=== Begin Enclosure ===
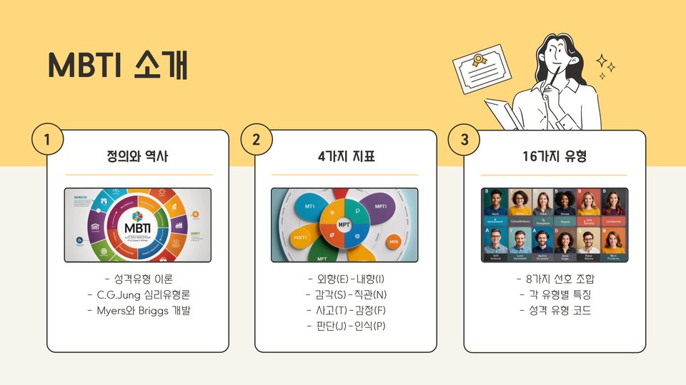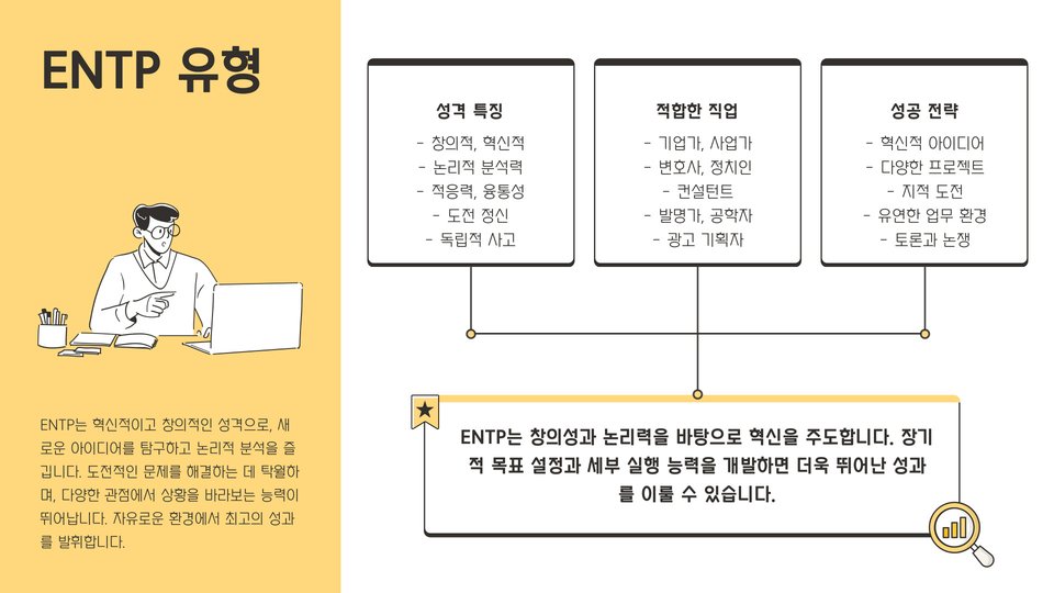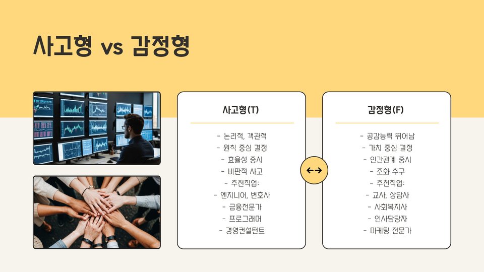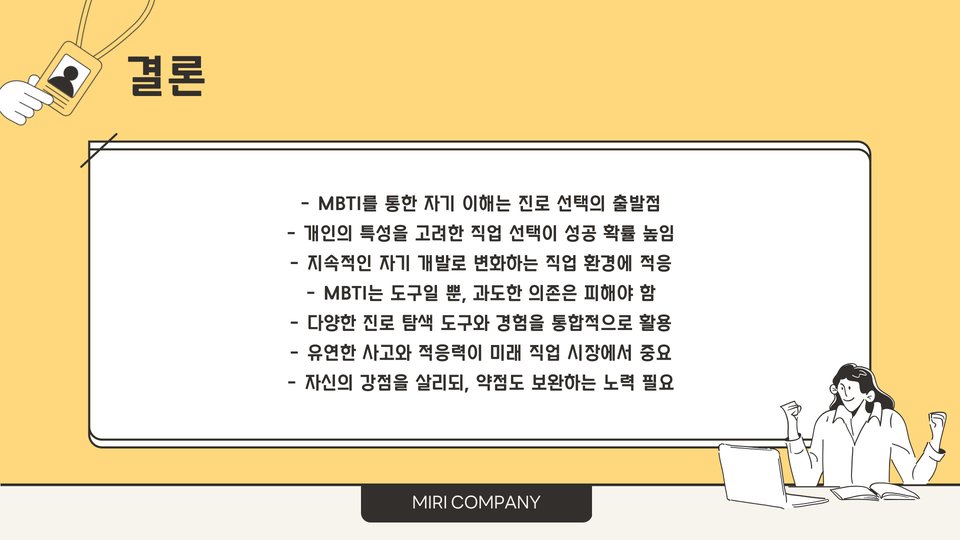 - MBTI를 통해 보다 만족스러운 직업 경로를 계획할 수 있습니다.
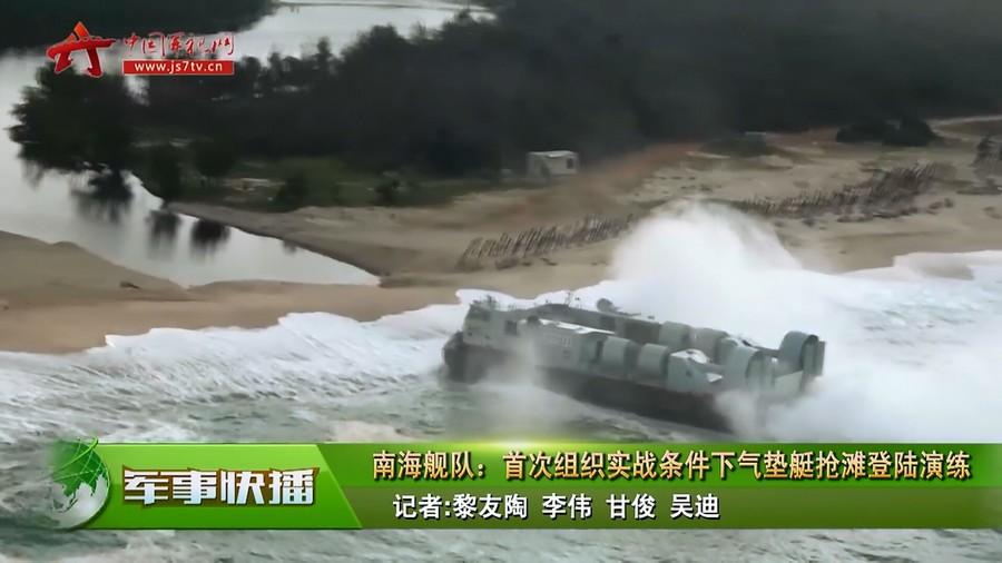 南海舰队3艘气垫艇乘071舰 抢滩官兵爬梯
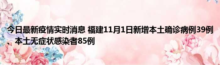 今日最新疫情实时消息 福建11月1日新增本土确诊病例39例、本土无症状感染者85例
=== End Enclosure ===
AIM OF THE EXERCISE:
Leave out the pictures, and retype exactly the lines from the one containing "南海舰队3艘气垫艇乘071舰 抢滩官兵爬梯" through the final line of the data.

RESULT OF THE TASK:
 南海舰队3艘气垫艇乘071舰 抢滩官兵爬梯
 今日最新疫情实时消息 福建11月1日新增本土确诊病例39例、本土无症状感染者85例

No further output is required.